### RAW DATA

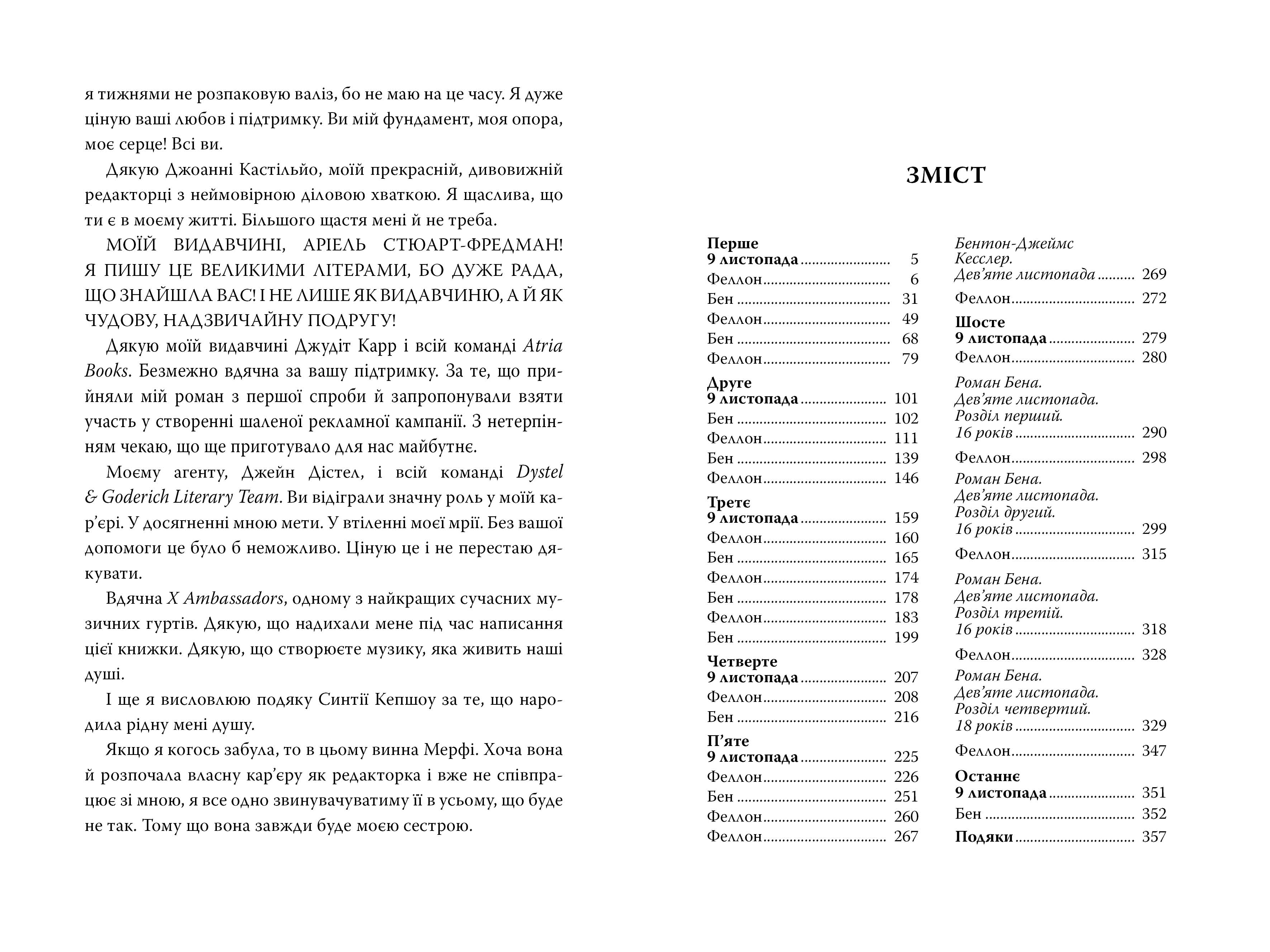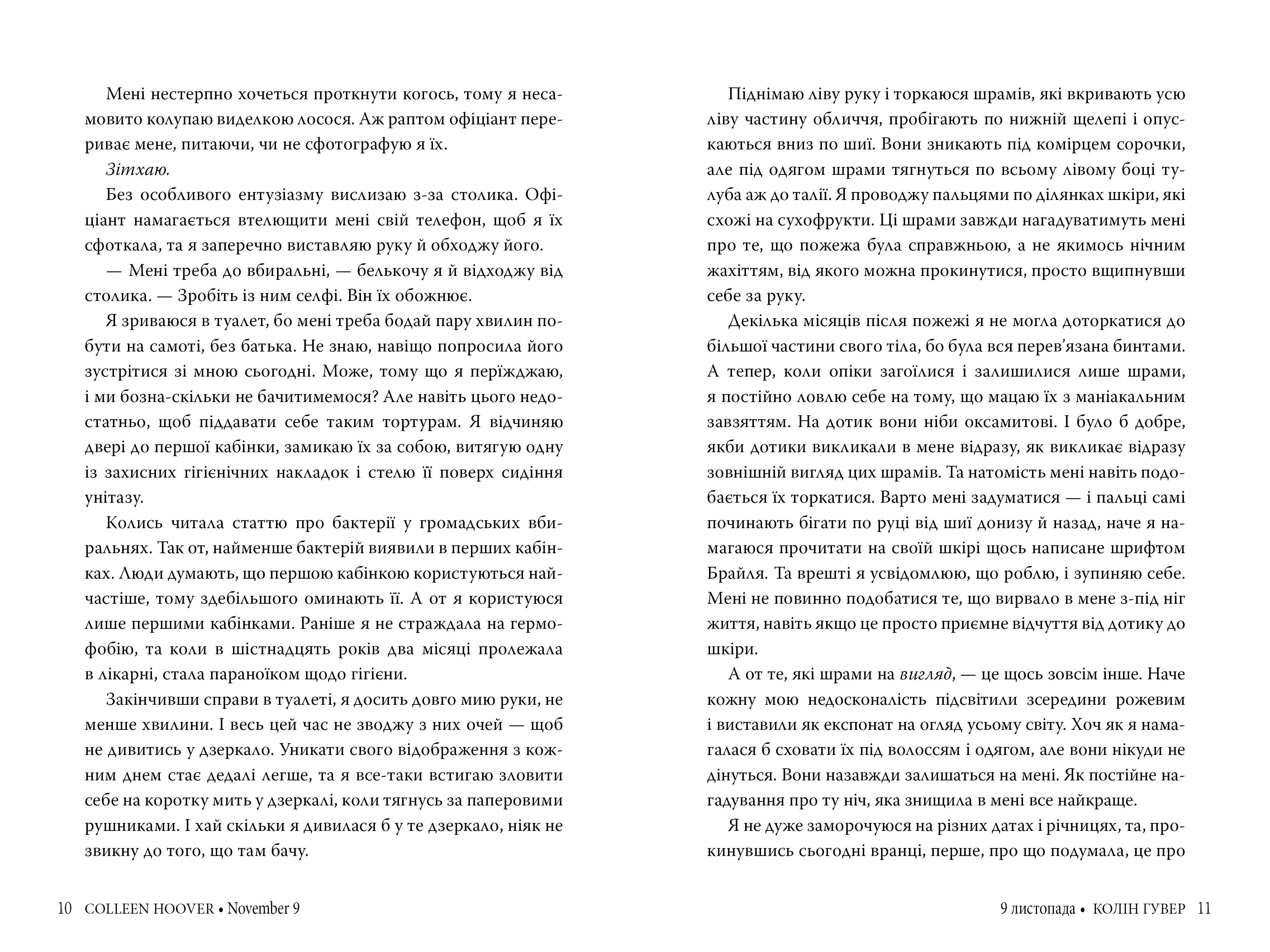 - «"9 листопада" – ще один захопливий роман Коллін Гувер, наповнений хвилюванням, динамікою та душевним болем. Я любила кожну сторінку та дихала кожним словом», – Анна Тодд, авторка серії «Опісля».
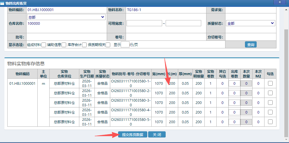 选择批号,填好数量,回到主页面,点击提交即可;如图示:
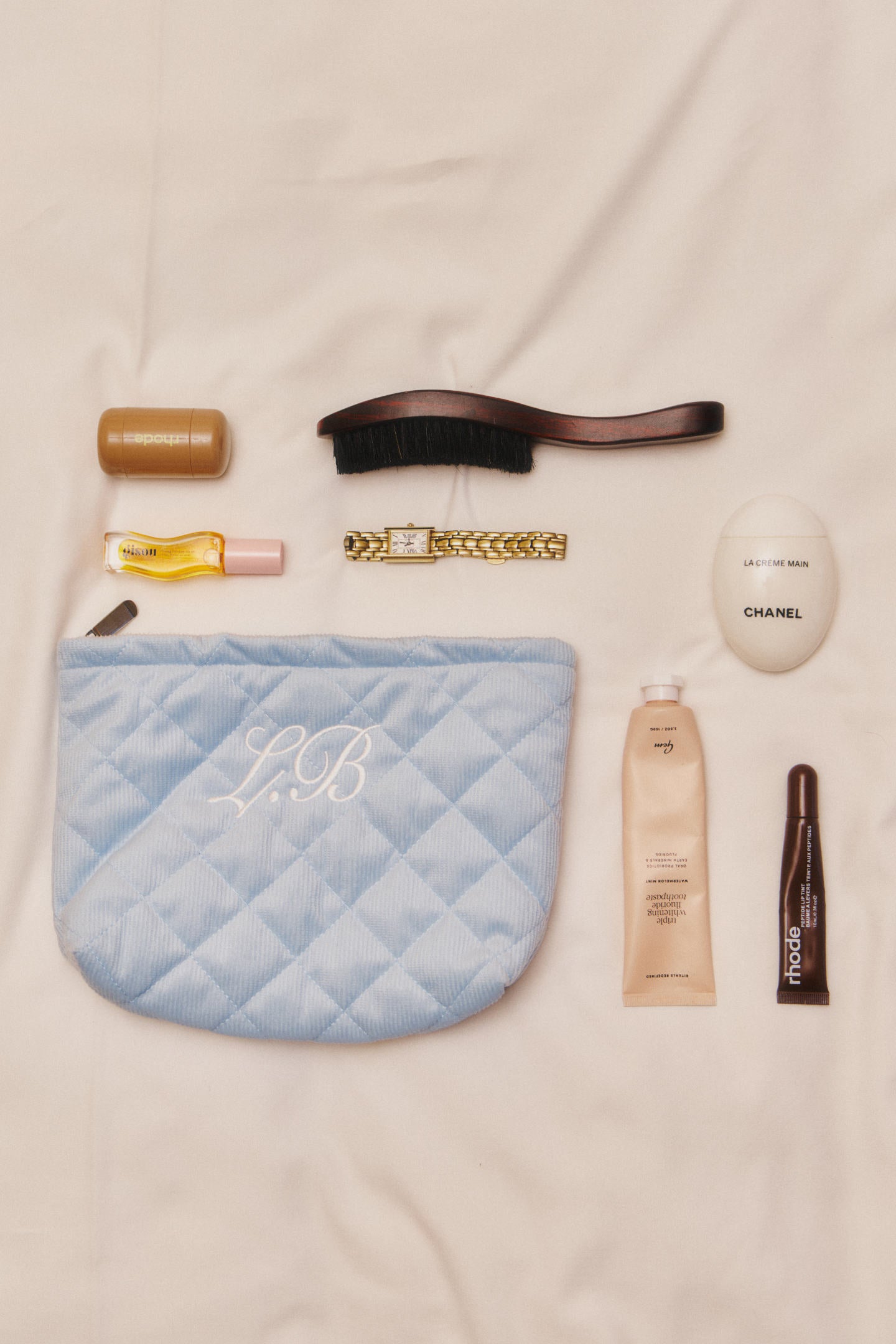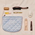 A dreamy little pouch for your prettiest essentials. The Elise Cosmetics Case is crafted from soft quilted corduroy suede in powder blue, finished with lining and personalised embroidery. Compact and travel-ready, it’s the perfect bridal accessory or thoughtful gift.
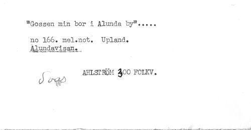 //// "Gossen min bor i Alunda by"..... //// no 166. mel.not. Upland. //// Älundavisan. //// t-f-racs* -"-..i-.' . ^v^iwi //// ^ AHLSTR&M ^CC FOLKV. ////
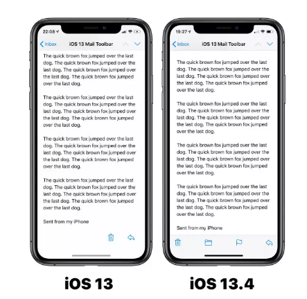 Khi iOS 13 ra mắt, , Apple đã chỉnh sửa thanh công cụ của ứng dụng Mail, để nút Reply (Phản hồi) và Delete (Xoá) quá sát nhau, khiến người dùng thường hay ấn nhầm. Ở phiên bản mới này, Apple đã sửa lỗi với 1 thanh công cụ hoàn toàn mới, tách 2 nút bấm trên ra.
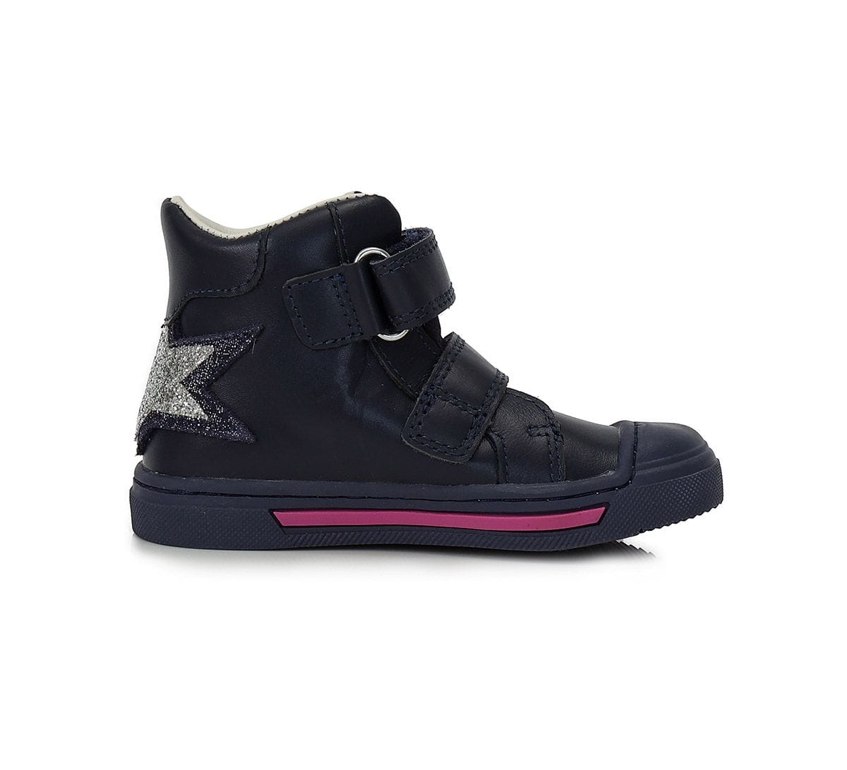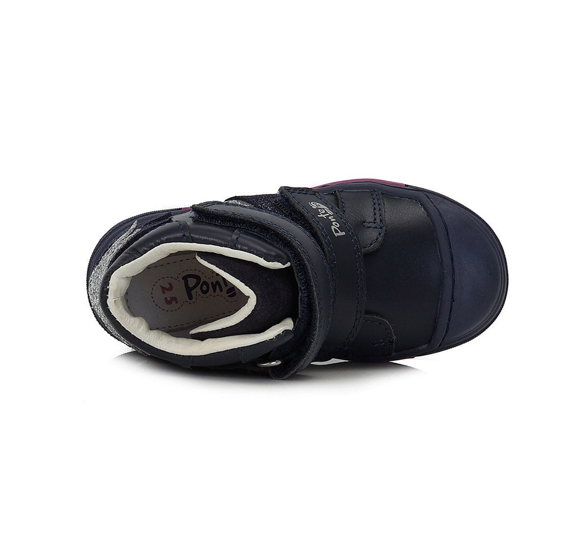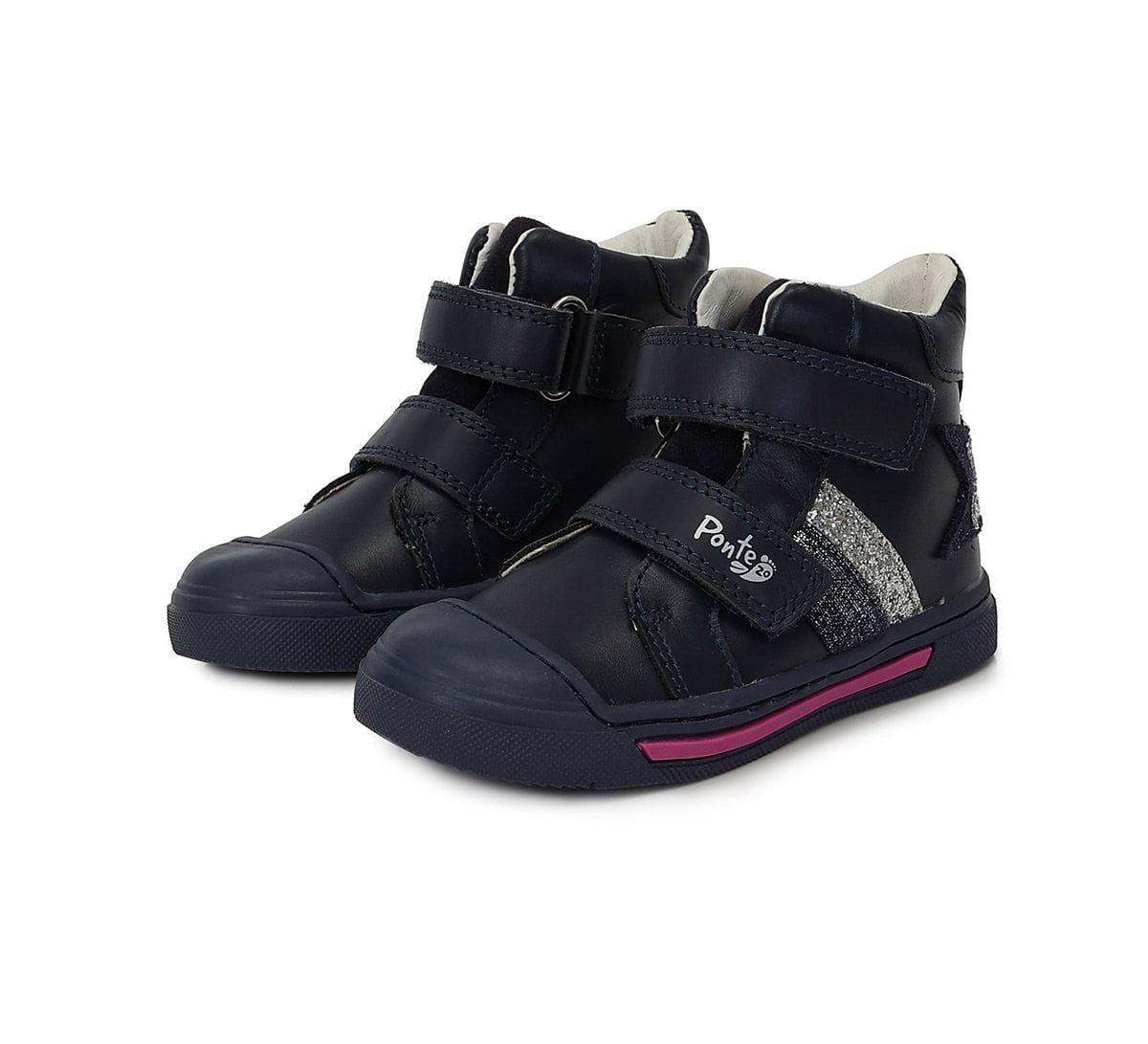 A Ponte20 szupinált lány bőrcipő sötétkék színben, ezüst csillag díszítéssel stílusos és stabil választás a mindennapokra. A szupinált sarokkialakítás segíti a boka megfelelő tartását, támogatva a helyes lábállást.

### YOUR OBJECTIVE
Copy the lines of the records, beginning where the line containing "Khi iOS 13 ra" appears and continuing through the final line, exactly and with no pictures.

### RESULT OF THE TASK
 Khi iOS 13 ra mắt, , Apple đã chỉnh sửa thanh công cụ của ứng dụng Mail, để nút Reply (Phản hồi) và Delete (Xoá) quá sát nhau, khiến người dùng thường hay ấn nhầm. Ở phiên bản mới này, Apple đã sửa lỗi với 1 thanh công cụ hoàn toàn mới, tách 2 nút bấm trên ra.
 A Ponte20 szupinált lány bőrcipő sötétkék színben, ezüst csillag díszítéssel stílusos és stabil választás a mindennapokra. A szupinált sarokkialakítás segíti a boka megfelelő tartását, támogatva a helyes lábállást.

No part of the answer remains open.